The High Cost of Thinking

Let’s talk about the money. Because let’s be honest, that’s what really drives change. These new AI reasoning models are expensive. And I don’t mean a little expensive. We’re talking anywhere from a few cents to several dollars per single task.

When they tested one of OpenAI’s top models on a benchmark for general intelligence, it cost about $200 per task. That’s not a typo. $200 to get one answer.

But here’s why people are even considering it: the accuracy goes through the roof. You can hire someone for $10 who gets it wrong half the time, or you can pay $50 for someone who nails it 95% of the time. When the stakes are high, like a medical diagnosis or a complex legal case, that accuracy is everything. And things are getting more efficient fast. Some models are hitting a sweet spot, giving you decent accuracy for just a few cents. Plus, big companies could save tens of billions a year just by switching to smarter open-source models instead of always using the priciest option.

A Dose of Reality

Okay, so before you run off thinking we’ve cracked the code on AI, let me hit you with a reality check.

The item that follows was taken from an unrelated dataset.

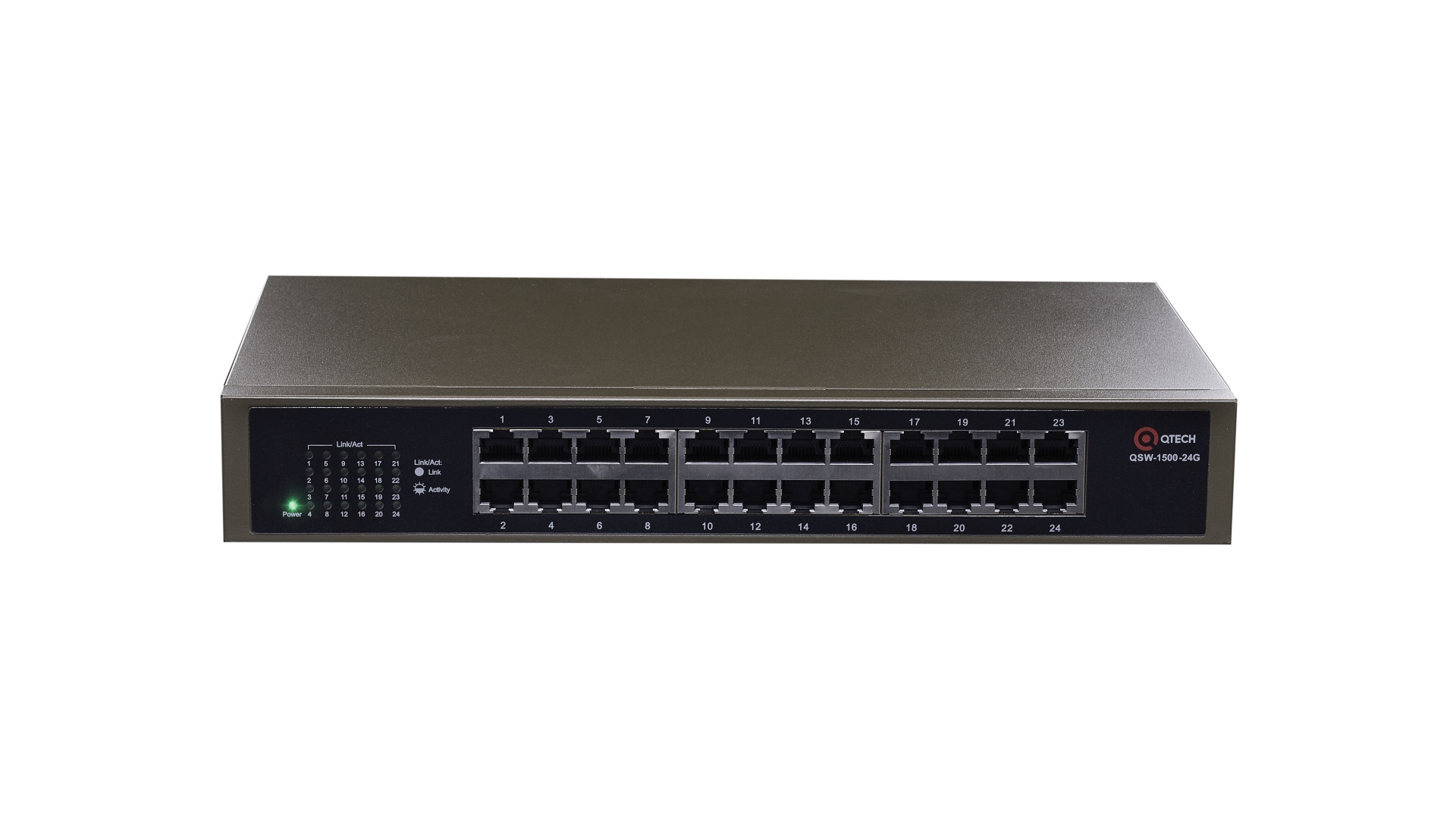 Неуправляемый коммутатор уровня L2, 24 порта 10/100/1000BASE-T, 8K MAC адресов, встроенный БП, 220В AC, размеры ШхГхВ (294x180x44 мм) QTECH QSW-1500-24G

They still fail, and they fail hard. On a new benchmark that tests for genuine reasoning ability, the best models are scoring around 8% accuracy. Eight percent. Humans get it right almost every time. As one researcher put it, “we still need new ideas for AGI.”
They are slow. So slow that some tasks just time out. You can’t just plug one of these into your app and call it a day. You have to redesign the entire product around its pace. It’s gotten so confusing for users that OpenAI is planning to merge these specialized systems back into their main models.
We’ve hit a wall. For years, the strategy was simple: just make the AI bigger. More data, more power. But at the big NeurIPS conference, the experts are all saying the same thing. That’s not working anymore. The hype is cooling down. We need a fundamentally new approach.

The Future is a Hybrid

So where does that leave us? This is where it gets exciting. The most promising work is happening where two fields are colliding: deep learning and program synthesis.

Think of it like this. Deep learning is the gut instinct, the pattern recognition. Program synthesis is the cold, hard logic. You combine the two, and you might get something that actually thinks.

We’re also seeing some truly wild ideas, like hybrid quantum-classical models. Researchers just built an AI that uses actual quantum circuits, swapping out 10% of its brain for 10 quantum bits with zero loss in quality. IBM is already seeing a 34% jump in accuracy on some tasks with their quantum processors.

And then there’s the hardware race. China built a server the size of a mini-fridge that uses 90% less power while processing half a million tokens a second. New chips are coming out that are one and a half times faster than the best on the market, using a quarter of the power.

From Prediction to Understanding

Here’s what’s really happening underneath all this. We are moving from an era of AI that predicts to an era of AI that understands. Your typical AI today is just predicting the next word in a sentence. These new systems are trying to predict the next concept, the next logical step. That is a completely different game.

So, are these new AIs better than what we have now? Yes and no. For the really tough stuff—math, science, deep analysis—they are already in a different league. But for quick, cheap, everyday questions, the old models are still king.

We’re not replacing one with the other. We’re adding a powerful, specialized new tool to the toolbox. The real question isn’t which AI is better. It’s what becomes possible now that we have both. And I think we are just about to find out.